Meanwhile, and by an odd coincidence I had also got in touch with Vaishnavi Jayakumar. So I fixed up a meeting with this young lawyer, and requested Vaishnavi to join me (as I was a `babe in the woods' in these matters) when I went to talk to a lawyer about possible help in enforcing existing laws concerning accessibility. And so it transpired that the three of us met one Saturday morning in a coffee shop. That was the first time I met either Vaishnavi or Rahul, and I realised that they were far from being strangers to one other. That morning was an eye-opener and life-changer for me. Vaishnavi's dynamism and Rahul's critical and practically sound approach, in conjunction with their shared passion and zeal for bettering the lot of people with disabilities and striving for an inclusive planetcould not but convey optimism that with such people working towards a joint goal, no obstacle would be insurmountable.

Since that meeting, my life has been enriched in untold ways. I slowly started being included in the activities of various organisations. I started becoming aware of the myriad activities at national and international levels that Rahul was involved in. I was more than considerably impressed with his mails concerning his visits to and work in Geneva on making the pages of printed information in books get out of the clutches of the copyrights guarded fiercely by the publishing industry (primarily in USA and Europe) and made available to the visibility impaired people of the world. There is a must-see  clip of vintage Rahul  (at http://www.youtube.com/watch?v=akrRXI58T-g). In this video, Maryanne Diamond, the President of the World Blind Union is being interviewed (by an interviewer with what sounds like a clearly American accent) where she says in polite terms that while there was great enthusiasm at the beginning of the meeting (to arrive at an acceptable draft of a treaty concerning the involved issues at the WIPO SCCR 24, after 10 days) there seems to have `not been as much progress as had been hoped for and that there was a certain amount of disappointment among the members'. At about this point, Rahul who has been sitting by her side, leans sideways to affectionately rest his head on her shoulder with a `Sorry, I couldn't resist' with his characteristically engaging smile.
Then the interviewer asks him for his opinion, and while concurring 100% with the views stated by Maryanne, clarifies that there is a clear division into two camps - those for and those against the treaty - and that `it is clear who we have to fight against'. Upon which the interviewer asks him just who he feels is against the treaty.
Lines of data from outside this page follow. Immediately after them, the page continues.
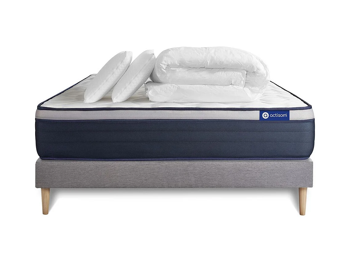 Pack prêt à dormir matelas Ressorts ensachés+Mémoire de forme ACTIFLEX MAX 140x190cm + sommier KIT gris + 2oreillers+couette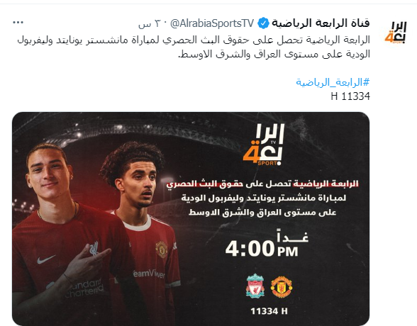 أعلنت قناة الرابعة الرياضية الحصول على حقوق بث مباراة ليفربول ومانشستريونايتد الودية ، والتي من المقرر إقامتها في تمام الساعة الثالثة عصراً غد، الثلاثاء، على مستوى العراق والشرق الأوسط.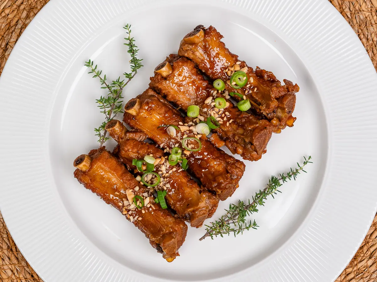 Plate the ribs and top with green onion, nuts, and sesame seeds.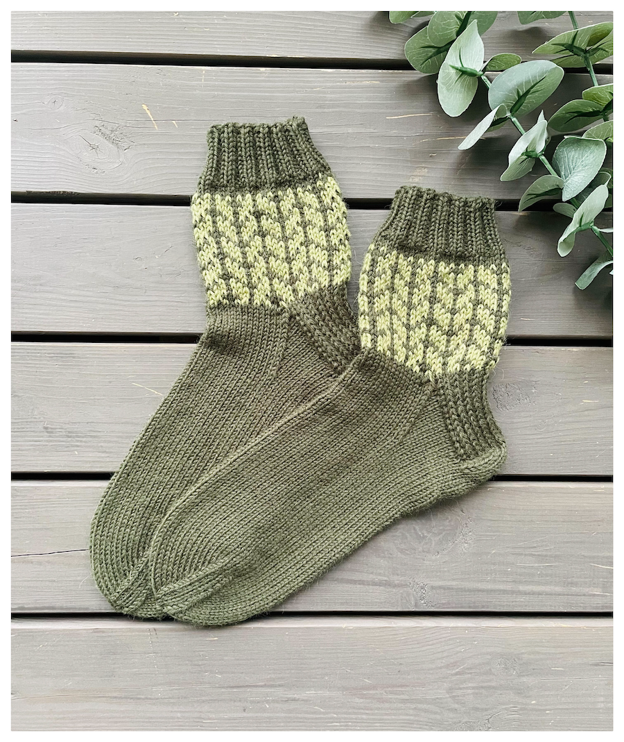 Jäljet-sukat, neuleohje (kuvat Irene Pöytäsaari)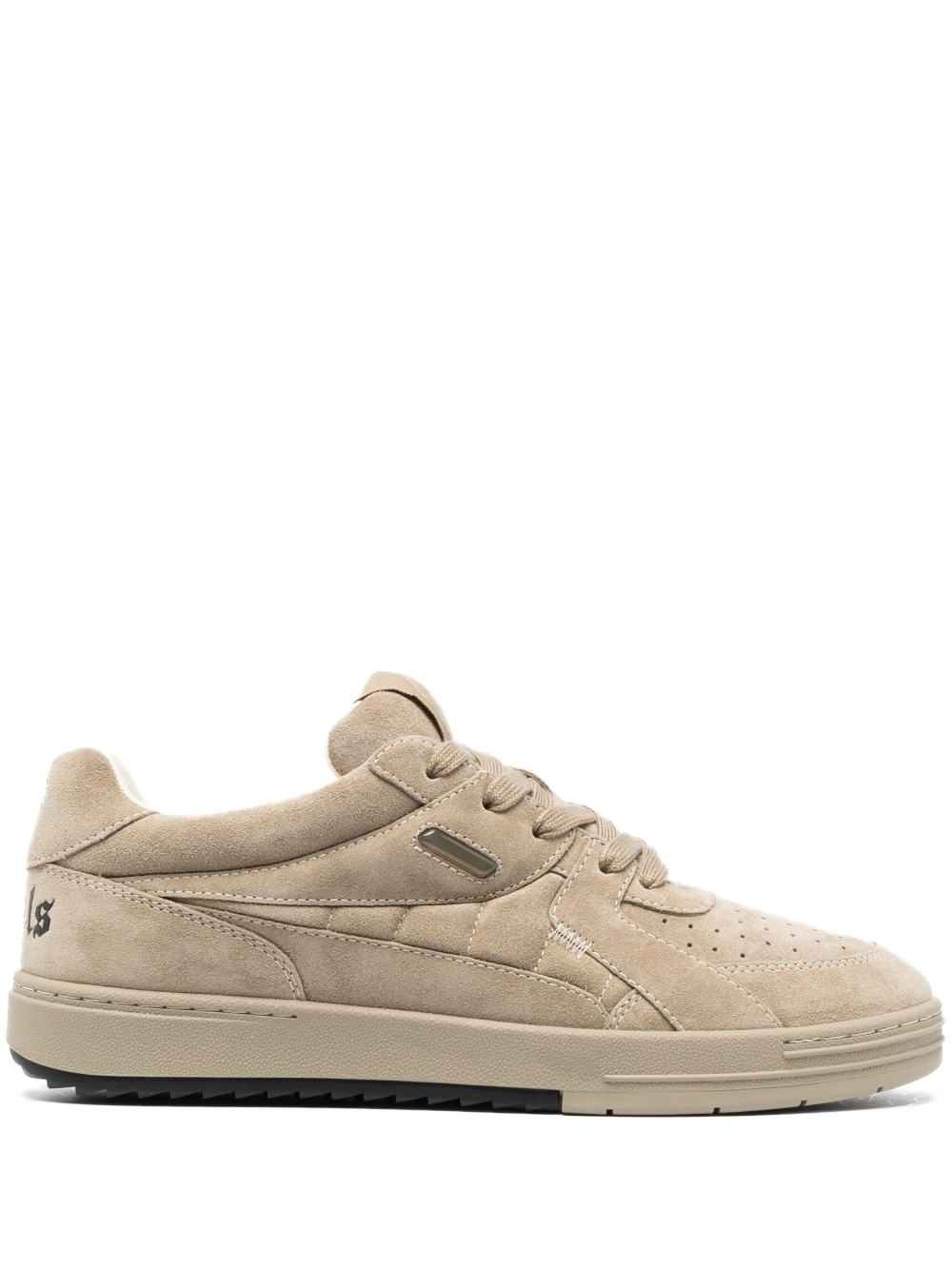 suede low-top sneakers Crafted from a suede construction, these low-top sneakers from Palm Angels finely demonstrate the label's branding-focused style, with the inclusion of logo lettering to the rear of the casual pair. Highlights - Light beige - Calf suede - Panelled design - Perforated toebox - Round toe - Front lace-up fastening - Logo print to the rear - Flat rubber sole Imported Composition Outer: Calf Suede 100% Sole: Rubber 100% Lining: Fabric 100% SIZE & FIT Measurement HEEL 1.2 in(3 cm) Sole height 1 in(2.5 cm)

And with his million dollar smile and characteristic `no nonsense' candour, he crisply answers  `the European Union and USA'.

His periodical bulletins from Geneva with the occasional video were informative and revealed the extent of his involvement in this work as also his almost childish pleasure in things like the little scooter he was using there which allowed him to travel all over Geneva, rather than just travel from his hotel to WIPO and back because he had had to travel by taxi, which was all he had been doing in his six prior visits to WIPO meetings (see http://www.youtube.com/watch?v=CzKnVkcW7LQ\&feature=youtu.be).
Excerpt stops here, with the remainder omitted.